→ **Problem requirements**:
Every line from the first one in the data below through the line holding "2025 年 7 月 30" is to be written out exactly, with the pictures omitted.

→ **Input data**:
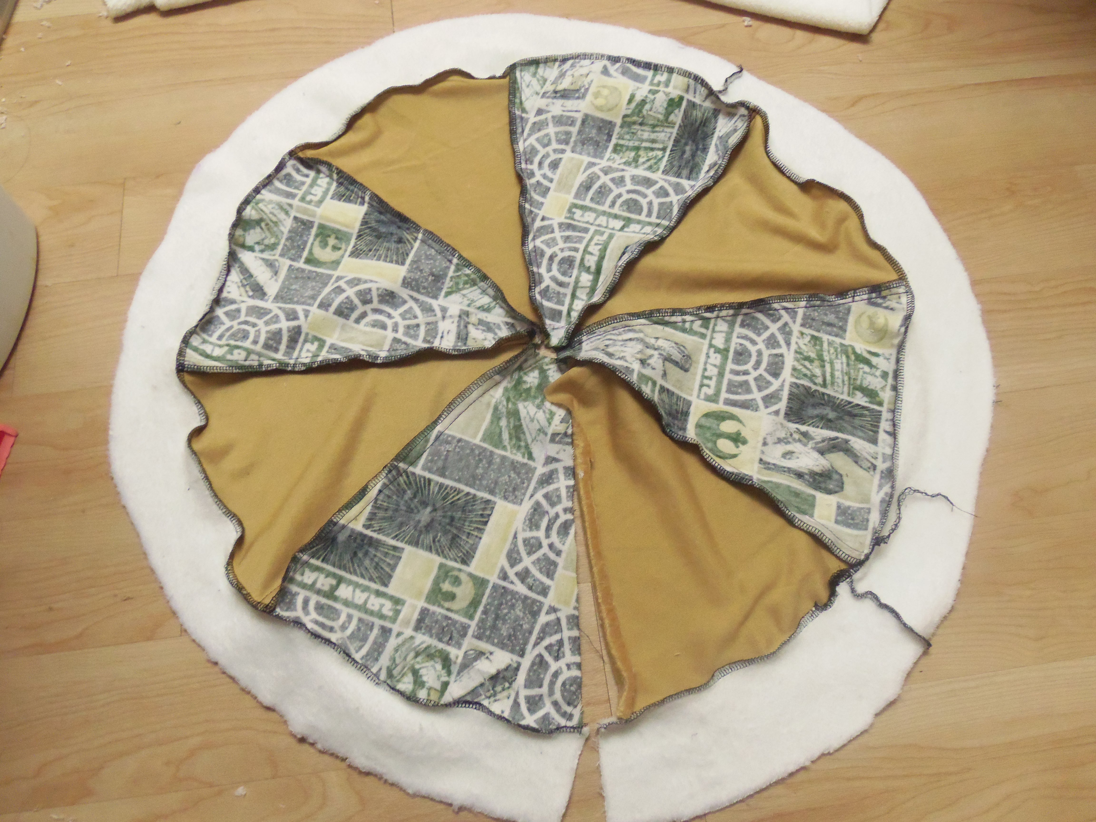 Once I had my 4 gold pieces and 4 Star Wars pieces cut out, I stitched them together. Make sure you don’t stitch your circle pieces completely together. You need to leave it open so that it can wrap around the tree trunk.
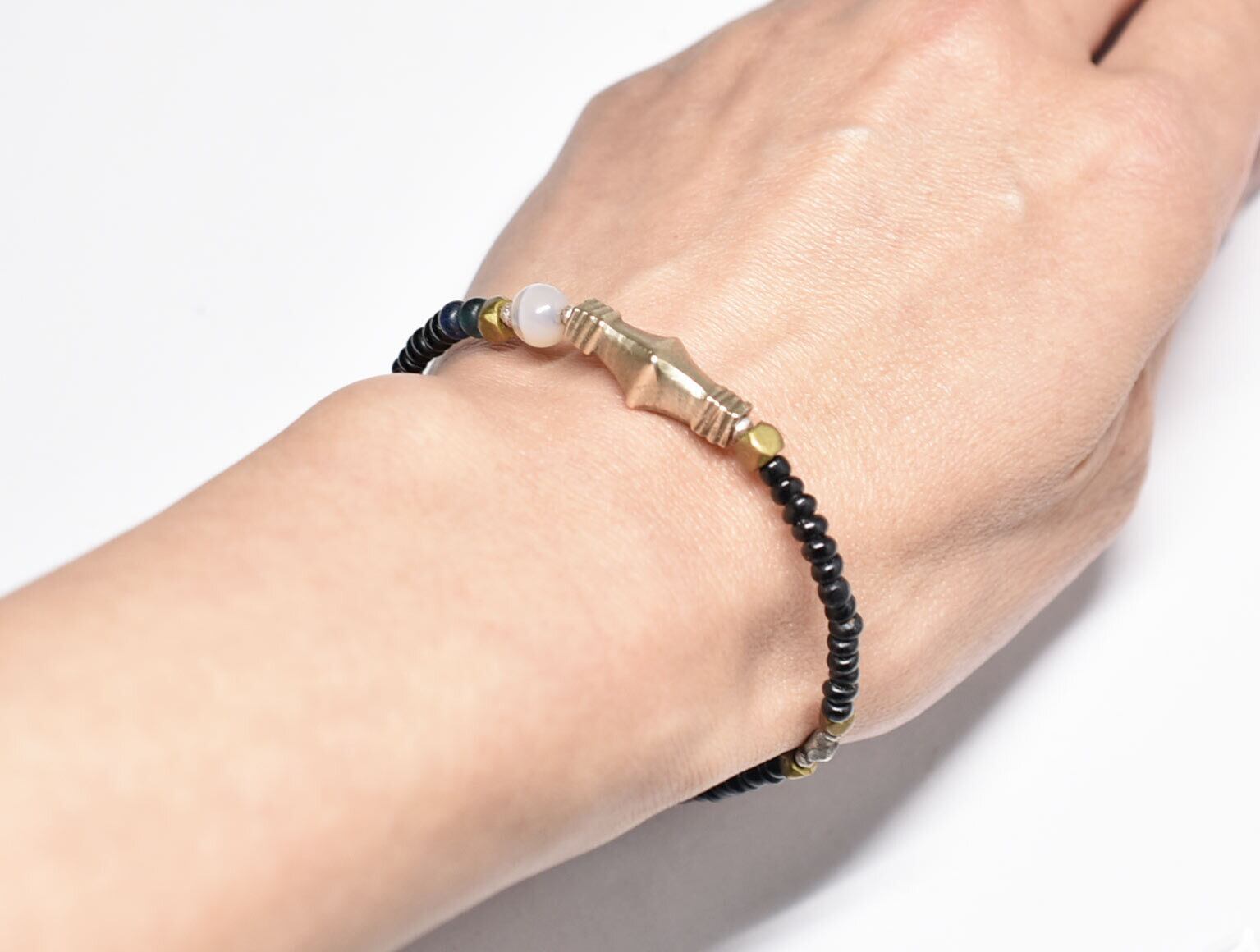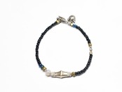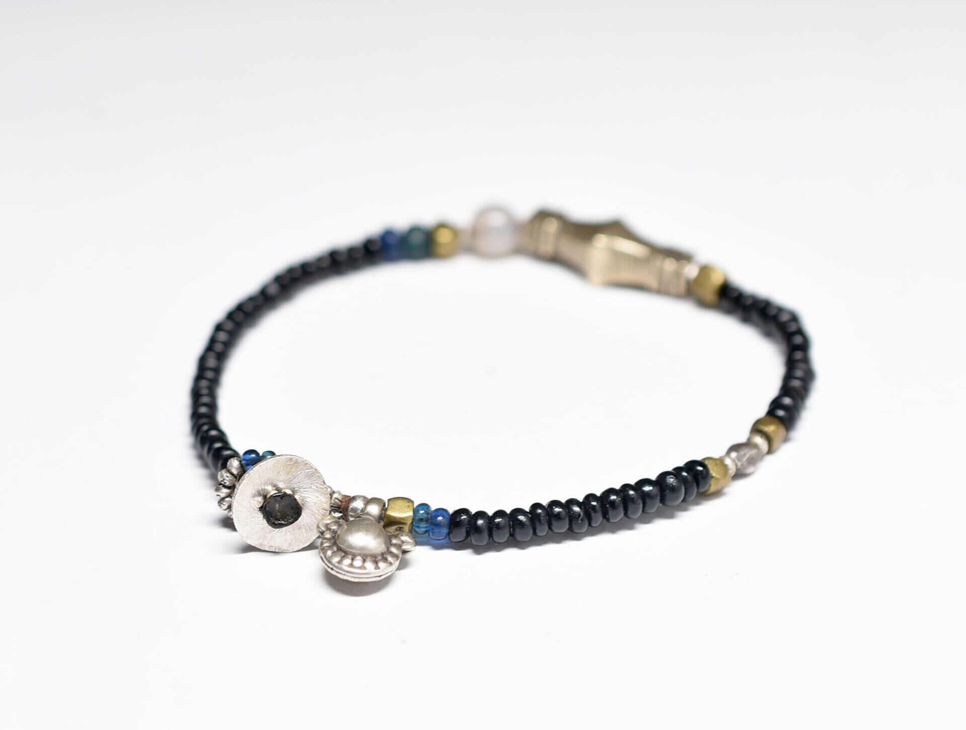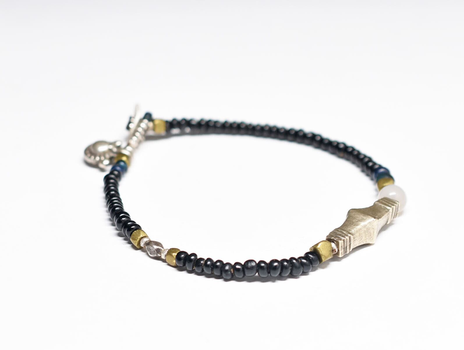 トゥアレグシルバーと古代瑪瑙、oldチンシルバー&oldオリッサブラス、漆黒&インディゴブルー&ブルービーズを繋いだブレスです。
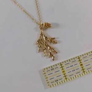 NEW! Gold Pinecone Pine Bough Pendant Necklace Nature Outdoors Trees Evergreen
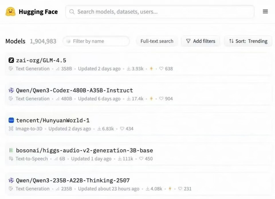 2025 年 7 月 30 日,在 Hugging Face 的开源模型榜单前 10 名中有 9 个来自于中国,这 9 个大模型分别属于智谱、阿里通义、腾讯混元、月之暗面;就这一榜单的前 5 名来说,当时除了第 4 名,其余几名全部是中国大模型。其中,智谱 AI 的开源模型 GLM-4.5 模型发布之后迅速冲上榜单前列,而这款模型正是前面提到的郁家豪所使用的国产大模型。
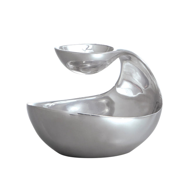 Ideal for small surfaces, the Scoop Server Mini is a functional and modern twist on the classic chip and dip. Use it for nuts and olives, dips and chips, chocolate medleys, and more. Or fill the bottom with stones and place a tea light in the upper bowl for an elegant non-mealtime look.
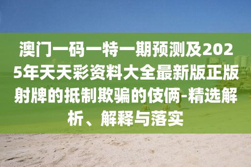 關(guān)于澳門(mén)一碼一特一期預(yù)測(cè)及2025年天天彩資料大全的最新正版射牌精選解析的解釋與落實(shí),抵制虛假宣傳的警告
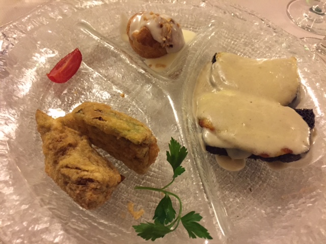 アーティチョークのフリット、アンチョビの黒パンのペコリーノ掛けと、シューの小さいのはカリフラワーを使ったこのお店の創作だそうです。
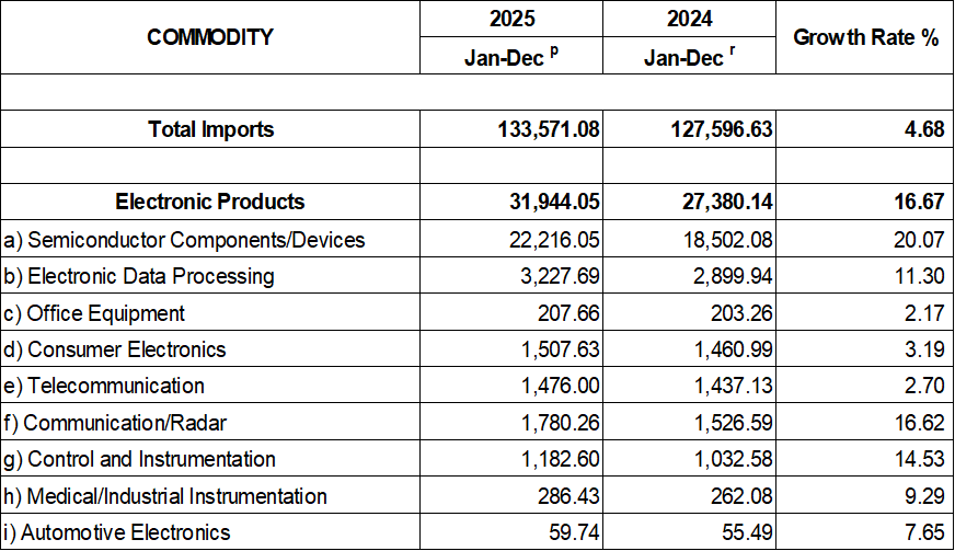 PHILIPPINE ELECTRONICS IMPORT PERFORMANCE NOVEMBER 2025
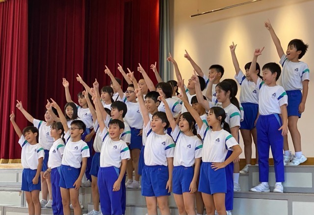 5年生は、運動の楽しさが伝わるよう、表情や台詞の声色も考えて練習に取り組んでいます。
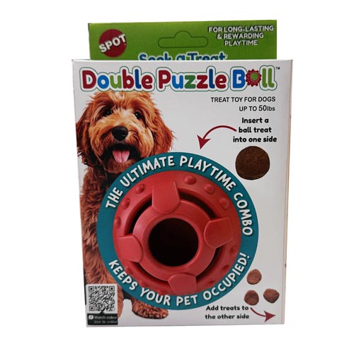 Seek-A-Treat Double Puzzle Ball is a durable rubber treat ball with two compartments to hold different sized treats. It provides long-lasting play time to occupy and stimulate your dog mentally. It's easy to use, easy to clean and freezer/dishwasher safe.
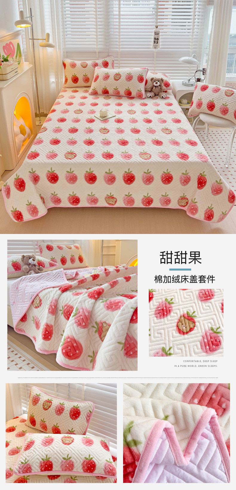 商品名称:羽爱 2024新款棉加绒床盖套件 甜甜果
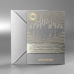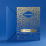 Тиснення металізованою фольгою у сюжеті з атомічними шестернями стане чудовим рішенням на різні свята для більшості підприємств та корпорацій пов'язаних з машинобудуванням та металургією. Вітальна корпоративна листівка з витіюваним міським профілем ідеально підійде для ріелторських та муніципальних організацій. Аристократичні патерни в стилі Арт-Деко - ідеальне універсальне корпоративне рішення з вітаннями для будь-яких підприємств, фірм та компаній.

→ **Answer section**:
 Once I had my 4 gold pieces and 4 Star Wars pieces cut out, I stitched them together. Make sure you don’t stitch your circle pieces completely together. You need to leave it open so that it can wrap around the tree trunk.
 トゥアレグシルバーと古代瑪瑙、oldチンシルバー&oldオリッサブラス、漆黒&インディゴブルー&ブルービーズを繋いだブレスです。
 NEW! Gold Pinecone Pine Bough Pendant Necklace Nature Outdoors Trees Evergreen
 2025 年 7 月 30 日,在 Hugging Face 的开源模型榜单前 10 名中有 9 个来自于中国,这 9 个大模型分别属于智谱、阿里通义、腾讯混元、月之暗面;就这一榜单的前 5 名来说,当时除了第 4 名,其余几名全部是中国大模型。其中,智谱 AI 的开源模型 GLM-4.5 模型发布之后迅速冲上榜单前列,而这款模型正是前面提到的郁家豪所使用的国产大模型。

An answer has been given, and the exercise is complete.